## [Activity]
Pictures stay out of the copy. Retype exactly the lines below from the one with "Герметик полиуретановый CEMMIX" through the one with "Keramisches Bild zum".

Records excerpted from a collection
--
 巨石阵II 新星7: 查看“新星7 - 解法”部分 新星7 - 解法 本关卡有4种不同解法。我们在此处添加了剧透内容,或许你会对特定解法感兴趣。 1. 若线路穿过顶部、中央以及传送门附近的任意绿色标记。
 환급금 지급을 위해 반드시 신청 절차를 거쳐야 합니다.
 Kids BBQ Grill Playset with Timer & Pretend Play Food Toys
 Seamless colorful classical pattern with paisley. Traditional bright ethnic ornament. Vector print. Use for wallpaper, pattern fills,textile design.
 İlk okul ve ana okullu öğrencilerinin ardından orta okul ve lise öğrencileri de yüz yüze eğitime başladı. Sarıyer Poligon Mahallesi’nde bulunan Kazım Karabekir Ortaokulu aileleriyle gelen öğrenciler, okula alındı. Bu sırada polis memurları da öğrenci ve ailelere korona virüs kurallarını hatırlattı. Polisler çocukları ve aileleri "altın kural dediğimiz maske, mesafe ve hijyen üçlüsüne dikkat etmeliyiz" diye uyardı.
--
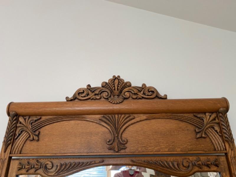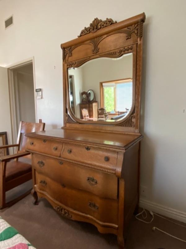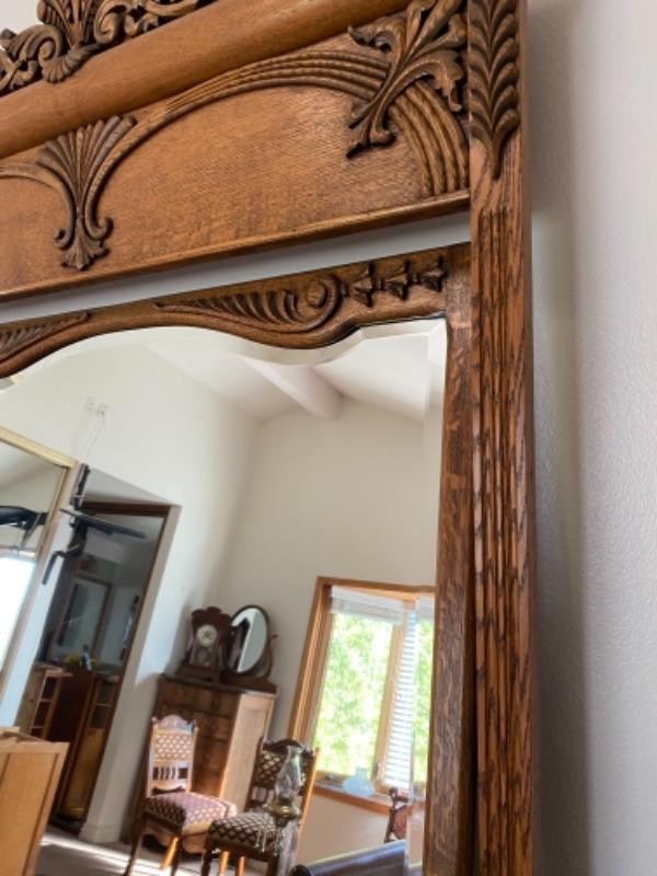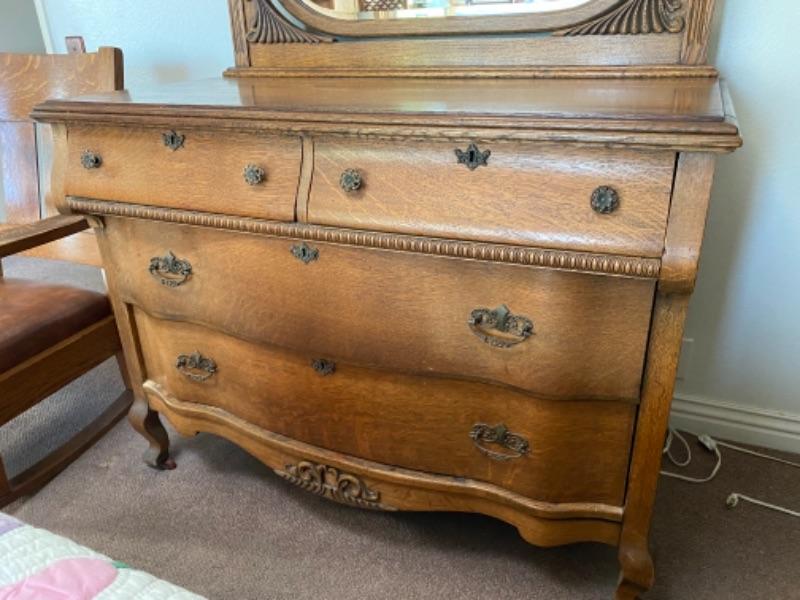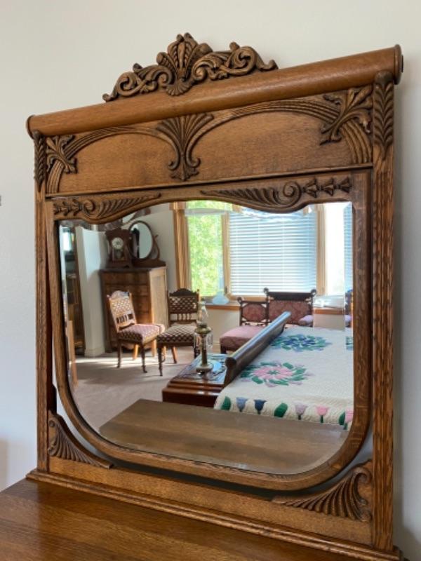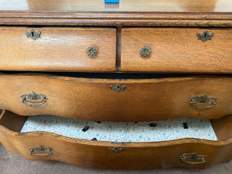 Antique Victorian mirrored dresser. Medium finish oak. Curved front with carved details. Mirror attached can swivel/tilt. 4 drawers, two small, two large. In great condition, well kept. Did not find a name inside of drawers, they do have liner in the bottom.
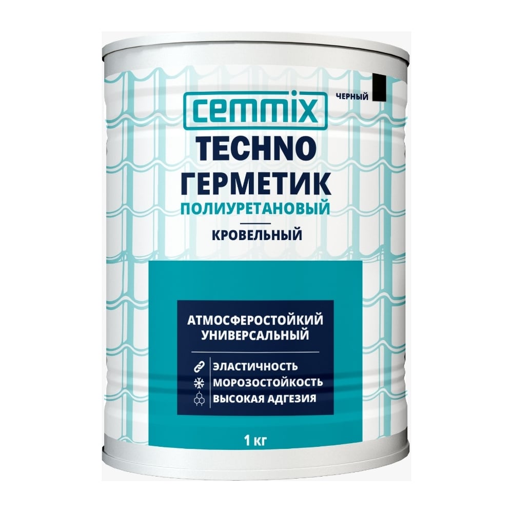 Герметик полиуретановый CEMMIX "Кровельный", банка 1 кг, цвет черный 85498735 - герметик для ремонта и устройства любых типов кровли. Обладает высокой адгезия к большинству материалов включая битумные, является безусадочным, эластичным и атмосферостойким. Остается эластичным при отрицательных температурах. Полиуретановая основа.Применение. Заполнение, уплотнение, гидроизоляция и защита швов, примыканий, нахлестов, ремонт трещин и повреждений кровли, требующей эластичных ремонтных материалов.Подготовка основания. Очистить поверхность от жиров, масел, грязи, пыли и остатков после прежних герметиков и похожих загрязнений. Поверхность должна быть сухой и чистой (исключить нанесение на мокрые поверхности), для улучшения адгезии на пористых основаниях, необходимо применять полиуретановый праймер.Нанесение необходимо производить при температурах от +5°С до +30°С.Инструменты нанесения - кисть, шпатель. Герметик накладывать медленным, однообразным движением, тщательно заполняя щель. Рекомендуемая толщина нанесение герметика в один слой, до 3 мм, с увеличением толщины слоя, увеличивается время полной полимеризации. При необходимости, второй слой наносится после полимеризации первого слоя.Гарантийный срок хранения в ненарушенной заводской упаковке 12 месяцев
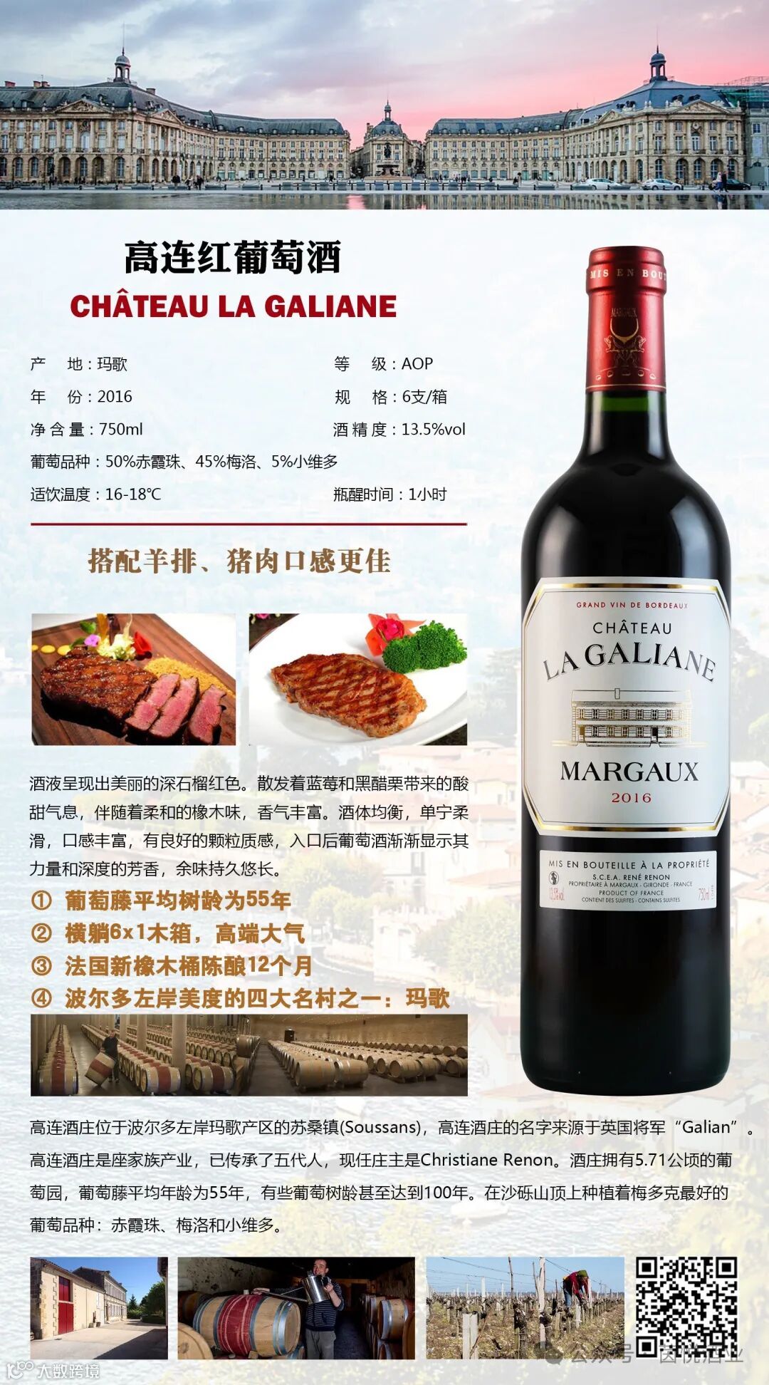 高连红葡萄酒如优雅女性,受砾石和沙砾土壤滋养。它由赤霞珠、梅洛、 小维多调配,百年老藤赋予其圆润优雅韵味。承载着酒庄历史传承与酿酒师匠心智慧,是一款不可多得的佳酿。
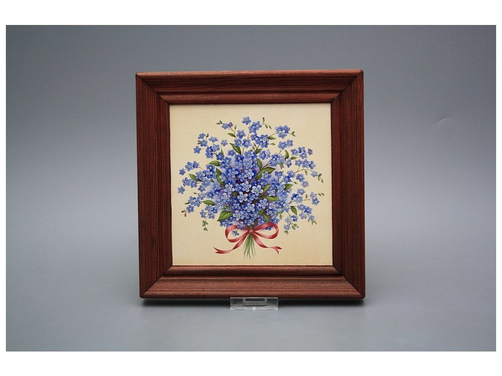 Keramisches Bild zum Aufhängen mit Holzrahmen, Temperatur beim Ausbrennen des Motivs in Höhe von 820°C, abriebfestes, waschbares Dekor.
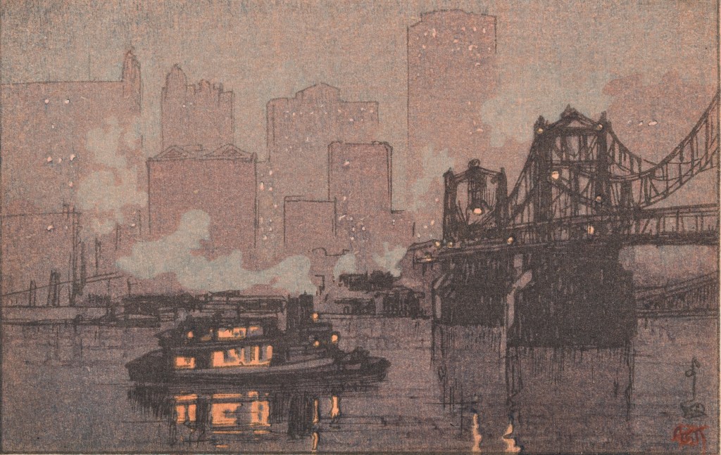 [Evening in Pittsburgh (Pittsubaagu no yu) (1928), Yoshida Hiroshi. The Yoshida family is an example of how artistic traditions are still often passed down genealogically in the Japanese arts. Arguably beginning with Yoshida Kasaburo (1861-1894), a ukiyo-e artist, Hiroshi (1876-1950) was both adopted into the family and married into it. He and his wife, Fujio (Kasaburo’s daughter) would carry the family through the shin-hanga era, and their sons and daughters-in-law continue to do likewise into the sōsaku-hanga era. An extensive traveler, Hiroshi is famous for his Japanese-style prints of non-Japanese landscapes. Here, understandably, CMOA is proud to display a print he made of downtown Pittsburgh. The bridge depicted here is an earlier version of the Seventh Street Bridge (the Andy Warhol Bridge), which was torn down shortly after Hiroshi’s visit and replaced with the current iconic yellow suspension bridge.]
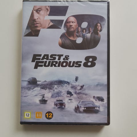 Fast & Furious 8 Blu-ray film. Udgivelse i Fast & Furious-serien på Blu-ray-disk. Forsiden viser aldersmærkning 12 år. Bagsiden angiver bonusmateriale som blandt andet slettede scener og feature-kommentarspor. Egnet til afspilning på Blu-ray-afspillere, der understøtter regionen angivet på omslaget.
--
## [Answer to the problem]
 Герметик полиуретановый CEMMIX "Кровельный", банка 1 кг, цвет черный 85498735 - герметик для ремонта и устройства любых типов кровли. Обладает высокой адгезия к большинству материалов включая битумные, является безусадочным, эластичным и атмосферостойким. Остается эластичным при отрицательных температурах. Полиуретановая основа.Применение. Заполнение, уплотнение, гидроизоляция и защита швов, примыканий, нахлестов, ремонт трещин и повреждений кровли, требующей эластичных ремонтных материалов.Подготовка основания. Очистить поверхность от жиров, масел, грязи, пыли и остатков после прежних герметиков и похожих загрязнений. Поверхность должна быть сухой и чистой (исключить нанесение на мокрые поверхности), для улучшения адгезии на пористых основаниях, необходимо применять полиуретановый праймер.Нанесение необходимо производить при температурах от +5°С до +30°С.Инструменты нанесения - кисть, шпатель. Герметик накладывать медленным, однообразным движением, тщательно заполняя щель. Рекомендуемая толщина нанесение герметика в один слой, до 3 мм, с увеличением толщины слоя, увеличивается время полной полимеризации. При необходимости, второй слой наносится после полимеризации первого слоя.Гарантийный срок хранения в ненарушенной заводской упаковке 12 месяцев
 高连红葡萄酒如优雅女性,受砾石和沙砾土壤滋养。它由赤霞珠、梅洛、 小维多调配,百年老藤赋予其圆润优雅韵味。承载着酒庄历史传承与酿酒师匠心智慧,是一款不可多得的佳酿。
 Keramisches Bild zum Aufhängen mit Holzrahmen, Temperatur beim Ausbrennen des Motivs in Höhe von 820°C, abriebfestes, waschbares Dekor.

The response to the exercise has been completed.